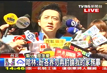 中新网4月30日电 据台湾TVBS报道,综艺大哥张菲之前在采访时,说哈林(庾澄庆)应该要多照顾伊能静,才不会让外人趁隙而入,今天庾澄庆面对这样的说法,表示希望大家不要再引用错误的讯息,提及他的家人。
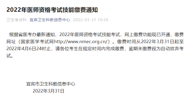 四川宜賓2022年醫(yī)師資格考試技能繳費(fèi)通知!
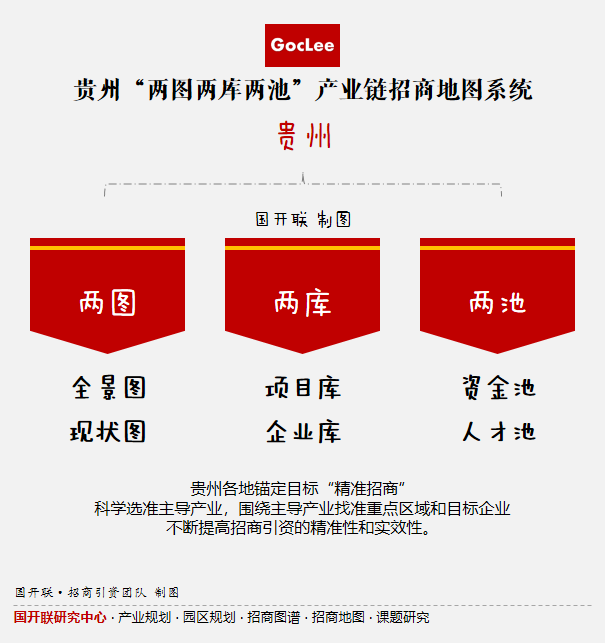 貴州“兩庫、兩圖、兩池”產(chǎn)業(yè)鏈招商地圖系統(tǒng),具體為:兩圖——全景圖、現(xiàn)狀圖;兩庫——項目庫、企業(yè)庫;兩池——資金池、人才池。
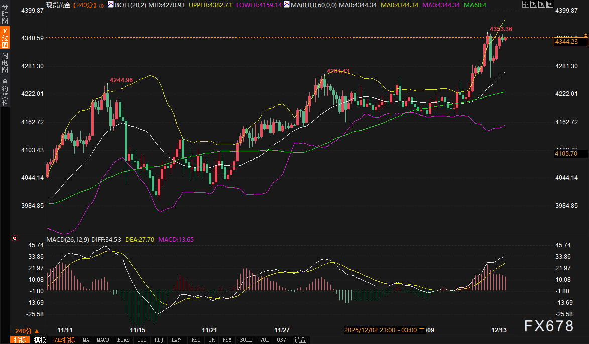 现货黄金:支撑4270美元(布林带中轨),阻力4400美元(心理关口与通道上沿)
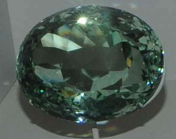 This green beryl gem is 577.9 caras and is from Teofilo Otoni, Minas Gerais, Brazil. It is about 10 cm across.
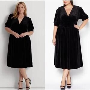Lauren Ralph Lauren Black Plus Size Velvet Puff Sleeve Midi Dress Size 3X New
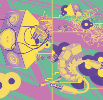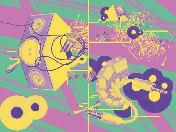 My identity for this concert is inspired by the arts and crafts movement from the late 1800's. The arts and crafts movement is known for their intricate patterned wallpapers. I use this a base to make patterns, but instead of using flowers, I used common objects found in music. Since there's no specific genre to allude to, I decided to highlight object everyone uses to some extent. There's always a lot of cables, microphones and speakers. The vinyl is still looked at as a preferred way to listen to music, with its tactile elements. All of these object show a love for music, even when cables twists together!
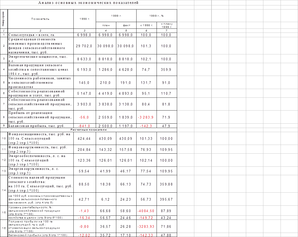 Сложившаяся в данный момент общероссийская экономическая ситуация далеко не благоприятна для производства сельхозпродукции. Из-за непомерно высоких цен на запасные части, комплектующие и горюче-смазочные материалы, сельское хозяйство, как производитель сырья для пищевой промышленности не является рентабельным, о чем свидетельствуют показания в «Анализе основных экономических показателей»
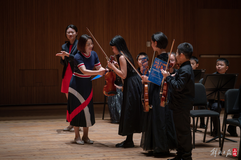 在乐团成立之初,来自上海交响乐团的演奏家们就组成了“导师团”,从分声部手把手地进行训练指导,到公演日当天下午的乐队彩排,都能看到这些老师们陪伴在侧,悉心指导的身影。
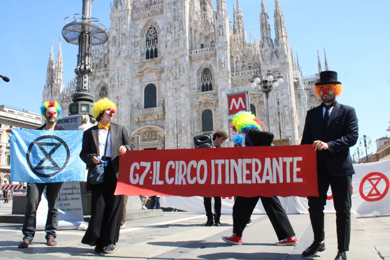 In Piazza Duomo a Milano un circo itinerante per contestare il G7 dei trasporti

▸ To do:
When you reach the line holding "My identity for" in the listing above, begin retyping exactly, and stop once the line holding "在乐团成立之初,来自上海交响" is done; pictures stay out.

▸ Solution to the exercise:
 My identity for this concert is inspired by the arts and crafts movement from the late 1800's. The arts and crafts movement is known for their intricate patterned wallpapers. I use this a base to make patterns, but instead of using flowers, I used common objects found in music. Since there's no specific genre to allude to, I decided to highlight object everyone uses to some extent. There's always a lot of cables, microphones and speakers. The vinyl is still looked at as a preferred way to listen to music, with its tactile elements. All of these object show a love for music, even when cables twists together!
 Сложившаяся в данный момент общероссийская экономическая ситуация далеко не благоприятна для производства сельхозпродукции. Из-за непомерно высоких цен на запасные части, комплектующие и горюче-смазочные материалы, сельское хозяйство, как производитель сырья для пищевой промышленности не является рентабельным, о чем свидетельствуют показания в «Анализе основных экономических показателей»
 在乐团成立之初,来自上海交响乐团的演奏家们就组成了“导师团”,从分声部手把手地进行训练指导,到公演日当天下午的乐队彩排,都能看到这些老师们陪伴在侧,悉心指导的身影。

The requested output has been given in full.